Right now I'm working on a React/Redux full stack application and I'm working on setting up JWT auth and passing the JWT via cookies. I had a couple of questions on handling the CSRF token generated by the server.

1) Once you set the CSRF token on the server side, does it then get passed to the client? How exactly does it get passed? (I've seen examples where its passed in as an object, but the ones ive found weren't explained very well or just scarce)

server.js

// config csrf in server
app.use(csrf({
  cookie: {
    key: '_csrf',
    secure: true,
    httpOnly: true,
    sameSite: 'strict',
    maxAge: 86400
  }
}))

// Hits my api routes, and if these arent hit, the index.html file is rendered
app.use(routes)

// Route used to fetch the index html file
app.get('*', (req, res) => {
  let csrfToken = req.csrfToken()
  console.log(csrfToken) // This doesnt console log anything on the server side
  res.sendFile(path.join(__dirname, "./client/build/index.html"), {
    _csrf: csrfToken
  })
})

2) Once the CSRF token is set, should it be stored in the state of the application (Redux store) for persistent storage? Or would this be unnecessary?

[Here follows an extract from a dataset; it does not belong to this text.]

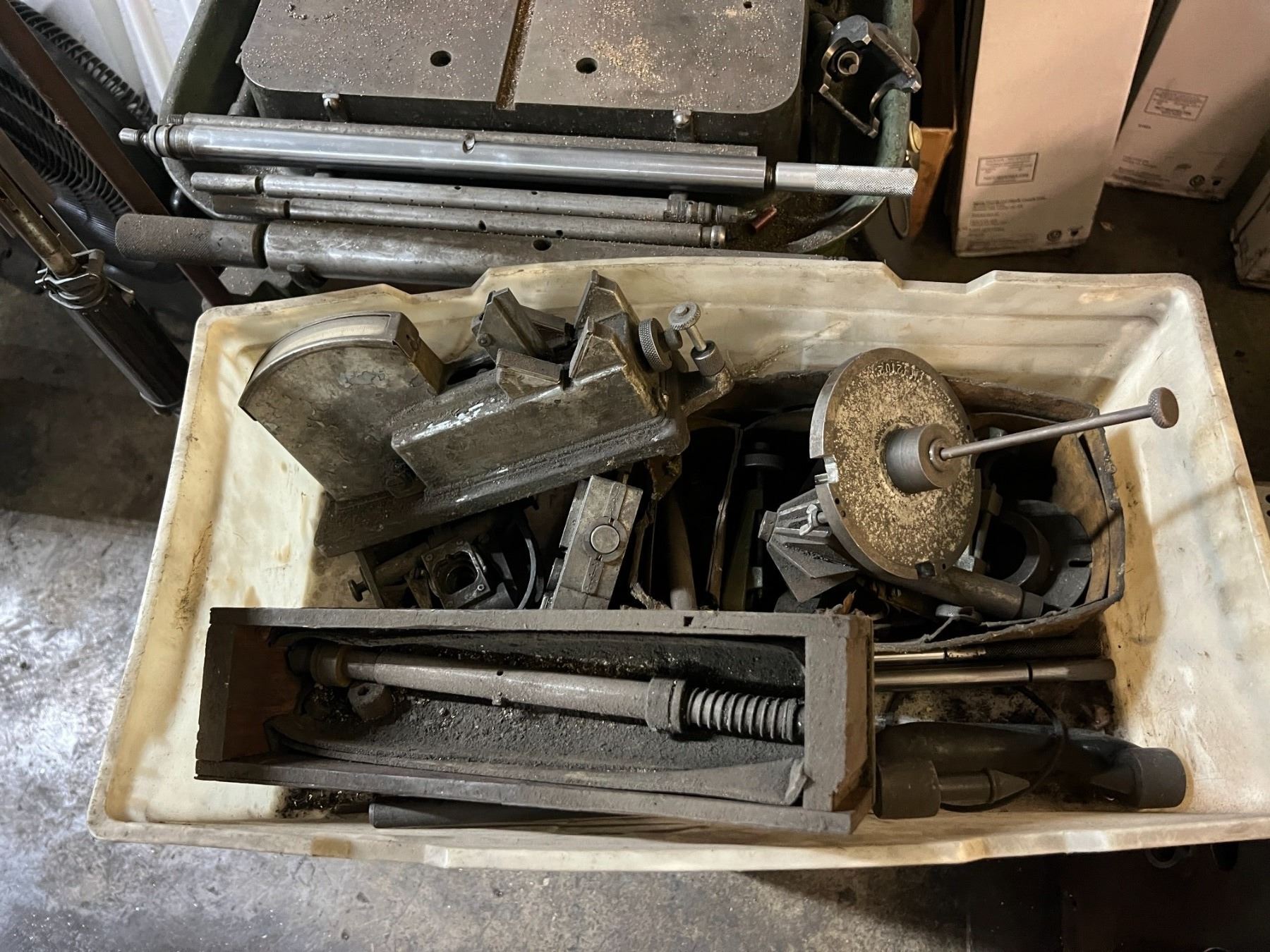 TOBIN-ARP PM-2500 CONNECTING ROD & WRIST PIN BORING TOOL. COMES WITH PIECES AS SHOWN PLUS BOX OF TOOLING. 110V (ONLINE PRICE $5,000-7,000)
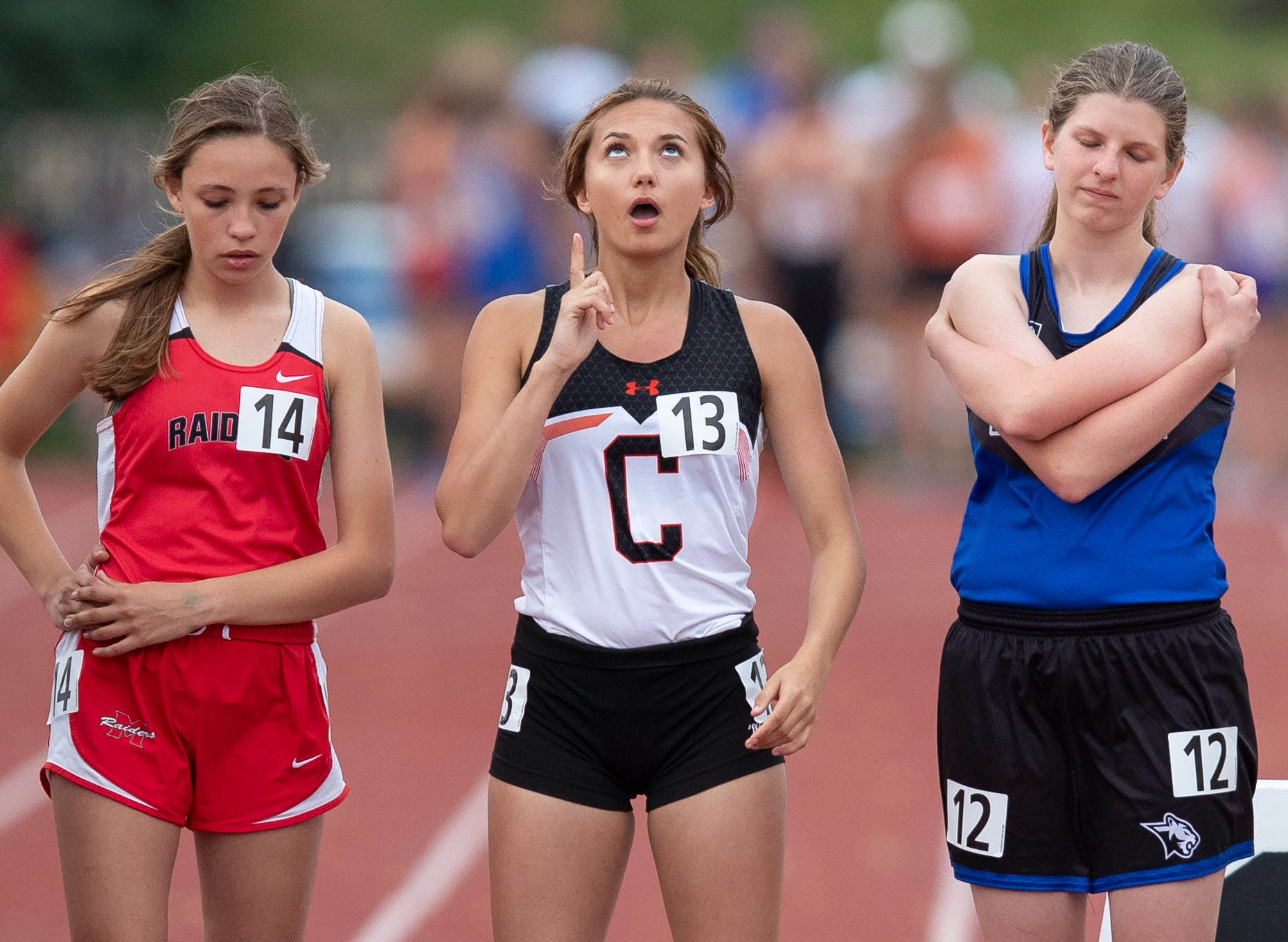 Crawford's Jillian Brennan (13) points up to the sky before the Class D 3,200-meter final at Omaha Burke High School during day one of the state meet on Friday, May 15, 2019, in Omaha, Nebraska.

3) On the client side, when I'm ready to submit data to a route via POST request, if I understand correctly, you'd have to include the input hidden field with the csrf variable like so:

<input type="hidden" name="_csrf" value=csrfToken/>

So when you submit a form, you'd include that input, then in the post request (assuming fetch or axios), you'd set the headers to include that csrf token, that way the server can compare it to the token the client is submitting to the route, am I understanding this correctly?

Thank you!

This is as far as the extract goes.